*** Opening of SOURCE INFORMATION ***
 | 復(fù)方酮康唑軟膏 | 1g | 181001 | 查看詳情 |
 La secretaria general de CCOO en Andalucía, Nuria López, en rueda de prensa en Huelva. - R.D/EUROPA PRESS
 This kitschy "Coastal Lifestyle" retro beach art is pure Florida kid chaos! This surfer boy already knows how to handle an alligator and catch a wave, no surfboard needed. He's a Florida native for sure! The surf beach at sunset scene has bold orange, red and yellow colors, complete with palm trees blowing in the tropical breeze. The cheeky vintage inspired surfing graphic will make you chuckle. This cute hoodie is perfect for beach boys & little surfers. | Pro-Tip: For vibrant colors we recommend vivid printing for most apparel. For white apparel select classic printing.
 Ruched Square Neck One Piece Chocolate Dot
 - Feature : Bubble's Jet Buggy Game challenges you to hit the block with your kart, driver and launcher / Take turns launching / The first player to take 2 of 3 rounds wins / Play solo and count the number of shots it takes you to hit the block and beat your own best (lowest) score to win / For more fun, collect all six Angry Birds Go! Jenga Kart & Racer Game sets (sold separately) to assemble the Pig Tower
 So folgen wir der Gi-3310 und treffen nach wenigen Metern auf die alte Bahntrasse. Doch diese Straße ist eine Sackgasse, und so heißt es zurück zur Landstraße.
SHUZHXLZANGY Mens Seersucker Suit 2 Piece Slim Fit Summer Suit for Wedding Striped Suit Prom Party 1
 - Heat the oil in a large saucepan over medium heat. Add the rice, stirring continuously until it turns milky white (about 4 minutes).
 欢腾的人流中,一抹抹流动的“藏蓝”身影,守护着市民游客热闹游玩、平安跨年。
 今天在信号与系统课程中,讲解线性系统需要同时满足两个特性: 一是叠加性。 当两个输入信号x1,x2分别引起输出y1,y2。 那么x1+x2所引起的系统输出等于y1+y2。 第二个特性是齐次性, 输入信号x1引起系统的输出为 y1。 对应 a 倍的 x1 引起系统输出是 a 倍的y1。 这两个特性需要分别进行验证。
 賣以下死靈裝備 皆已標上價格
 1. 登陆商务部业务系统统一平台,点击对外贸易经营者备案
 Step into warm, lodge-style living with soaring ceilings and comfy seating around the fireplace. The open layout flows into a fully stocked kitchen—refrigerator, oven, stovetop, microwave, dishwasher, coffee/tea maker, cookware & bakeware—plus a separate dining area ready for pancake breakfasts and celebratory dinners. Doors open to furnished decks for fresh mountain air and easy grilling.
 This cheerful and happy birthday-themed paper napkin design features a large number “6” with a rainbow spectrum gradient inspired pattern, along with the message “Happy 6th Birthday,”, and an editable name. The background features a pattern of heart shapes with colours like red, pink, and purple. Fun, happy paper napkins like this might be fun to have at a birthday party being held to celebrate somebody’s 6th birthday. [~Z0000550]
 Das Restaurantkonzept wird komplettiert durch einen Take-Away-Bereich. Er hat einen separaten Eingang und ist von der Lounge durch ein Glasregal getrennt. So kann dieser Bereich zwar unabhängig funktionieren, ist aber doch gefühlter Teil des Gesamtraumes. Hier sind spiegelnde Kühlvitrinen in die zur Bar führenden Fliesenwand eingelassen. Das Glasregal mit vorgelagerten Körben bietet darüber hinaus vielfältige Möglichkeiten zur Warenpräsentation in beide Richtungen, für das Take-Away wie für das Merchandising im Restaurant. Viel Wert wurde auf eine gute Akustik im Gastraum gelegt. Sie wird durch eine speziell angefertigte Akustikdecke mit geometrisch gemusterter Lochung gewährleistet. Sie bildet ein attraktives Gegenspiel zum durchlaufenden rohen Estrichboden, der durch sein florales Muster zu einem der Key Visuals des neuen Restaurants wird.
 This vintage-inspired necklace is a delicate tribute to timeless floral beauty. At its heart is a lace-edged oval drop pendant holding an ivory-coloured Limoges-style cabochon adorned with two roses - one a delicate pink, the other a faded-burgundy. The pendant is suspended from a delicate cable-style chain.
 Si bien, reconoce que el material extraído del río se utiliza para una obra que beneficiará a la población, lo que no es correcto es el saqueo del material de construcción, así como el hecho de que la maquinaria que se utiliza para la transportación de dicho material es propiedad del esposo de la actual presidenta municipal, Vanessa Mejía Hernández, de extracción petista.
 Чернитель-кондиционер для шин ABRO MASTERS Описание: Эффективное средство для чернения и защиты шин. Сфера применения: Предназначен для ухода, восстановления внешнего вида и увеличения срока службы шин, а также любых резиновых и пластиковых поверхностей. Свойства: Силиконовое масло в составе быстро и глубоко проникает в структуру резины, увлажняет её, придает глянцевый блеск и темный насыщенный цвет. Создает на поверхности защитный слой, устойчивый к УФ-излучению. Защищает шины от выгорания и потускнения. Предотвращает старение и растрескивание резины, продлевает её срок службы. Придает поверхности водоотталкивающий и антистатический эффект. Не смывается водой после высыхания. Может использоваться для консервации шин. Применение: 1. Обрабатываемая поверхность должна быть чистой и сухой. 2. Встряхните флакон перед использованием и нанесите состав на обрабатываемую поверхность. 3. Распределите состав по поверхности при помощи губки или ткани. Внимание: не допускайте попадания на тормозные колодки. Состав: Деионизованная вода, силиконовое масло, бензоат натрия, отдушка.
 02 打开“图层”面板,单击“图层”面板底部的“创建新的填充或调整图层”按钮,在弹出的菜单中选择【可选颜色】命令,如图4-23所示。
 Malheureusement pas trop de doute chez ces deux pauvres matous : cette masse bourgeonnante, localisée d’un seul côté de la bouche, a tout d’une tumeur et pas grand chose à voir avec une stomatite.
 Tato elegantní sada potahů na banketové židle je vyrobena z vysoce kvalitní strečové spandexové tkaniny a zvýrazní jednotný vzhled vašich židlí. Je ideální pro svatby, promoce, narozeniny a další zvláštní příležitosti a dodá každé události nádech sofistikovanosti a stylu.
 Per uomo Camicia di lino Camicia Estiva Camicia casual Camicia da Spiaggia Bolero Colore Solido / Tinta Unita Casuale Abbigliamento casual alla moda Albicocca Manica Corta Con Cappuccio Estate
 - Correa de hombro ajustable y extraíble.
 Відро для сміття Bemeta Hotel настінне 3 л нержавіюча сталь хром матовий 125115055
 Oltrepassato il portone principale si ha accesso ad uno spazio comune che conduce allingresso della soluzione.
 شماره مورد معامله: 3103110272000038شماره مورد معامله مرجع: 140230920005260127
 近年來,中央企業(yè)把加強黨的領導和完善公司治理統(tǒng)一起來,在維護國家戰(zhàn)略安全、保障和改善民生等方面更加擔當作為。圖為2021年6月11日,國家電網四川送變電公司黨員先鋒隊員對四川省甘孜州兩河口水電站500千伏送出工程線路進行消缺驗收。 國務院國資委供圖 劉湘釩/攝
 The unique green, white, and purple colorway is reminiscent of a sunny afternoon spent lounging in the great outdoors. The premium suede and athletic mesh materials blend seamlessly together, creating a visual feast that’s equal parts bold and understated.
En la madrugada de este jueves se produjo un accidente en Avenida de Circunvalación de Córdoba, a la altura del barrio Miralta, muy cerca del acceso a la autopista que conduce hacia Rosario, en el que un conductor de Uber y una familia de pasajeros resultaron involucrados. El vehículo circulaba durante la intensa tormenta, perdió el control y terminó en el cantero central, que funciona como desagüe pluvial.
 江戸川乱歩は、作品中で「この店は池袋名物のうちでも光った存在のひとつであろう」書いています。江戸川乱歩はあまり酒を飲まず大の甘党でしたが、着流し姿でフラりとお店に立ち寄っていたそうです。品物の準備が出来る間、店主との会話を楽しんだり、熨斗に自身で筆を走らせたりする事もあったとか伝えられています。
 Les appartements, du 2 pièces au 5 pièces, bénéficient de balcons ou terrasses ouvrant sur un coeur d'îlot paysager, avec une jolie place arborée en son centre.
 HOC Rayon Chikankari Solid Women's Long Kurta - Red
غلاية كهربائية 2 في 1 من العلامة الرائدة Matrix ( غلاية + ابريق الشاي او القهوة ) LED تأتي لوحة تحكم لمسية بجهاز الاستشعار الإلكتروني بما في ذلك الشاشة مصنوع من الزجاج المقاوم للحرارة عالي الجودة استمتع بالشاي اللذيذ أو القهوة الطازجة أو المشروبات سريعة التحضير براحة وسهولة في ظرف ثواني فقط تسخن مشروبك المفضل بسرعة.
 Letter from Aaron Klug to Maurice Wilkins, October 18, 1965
*** Close of SOURCE INFORMATION ***
▸ WHAT IS NEEDED: The expected answer is a copy of every line in the entries that holds the word "white".

▸ OUTPUT OF THE EXERCISE:
 This kitschy "Coastal Lifestyle" retro beach art is pure Florida kid chaos! This surfer boy already knows how to handle an alligator and catch a wave, no surfboard needed. He's a Florida native for sure! The surf beach at sunset scene has bold orange, red and yellow colors, complete with palm trees blowing in the tropical breeze. The cheeky vintage inspired surfing graphic will make you chuckle. This cute hoodie is perfect for beach boys & little surfers. | Pro-Tip: For vibrant colors we recommend vivid printing for most apparel. For white apparel select classic printing.
 - Heat the oil in a large saucepan over medium heat. Add the rice, stirring continuously until it turns milky white (about 4 minutes).
 The unique green, white, and purple colorway is reminiscent of a sunny afternoon spent lounging in the great outdoors. The premium suede and athletic mesh materials blend seamlessly together, creating a visual feast that’s equal parts bold and understated.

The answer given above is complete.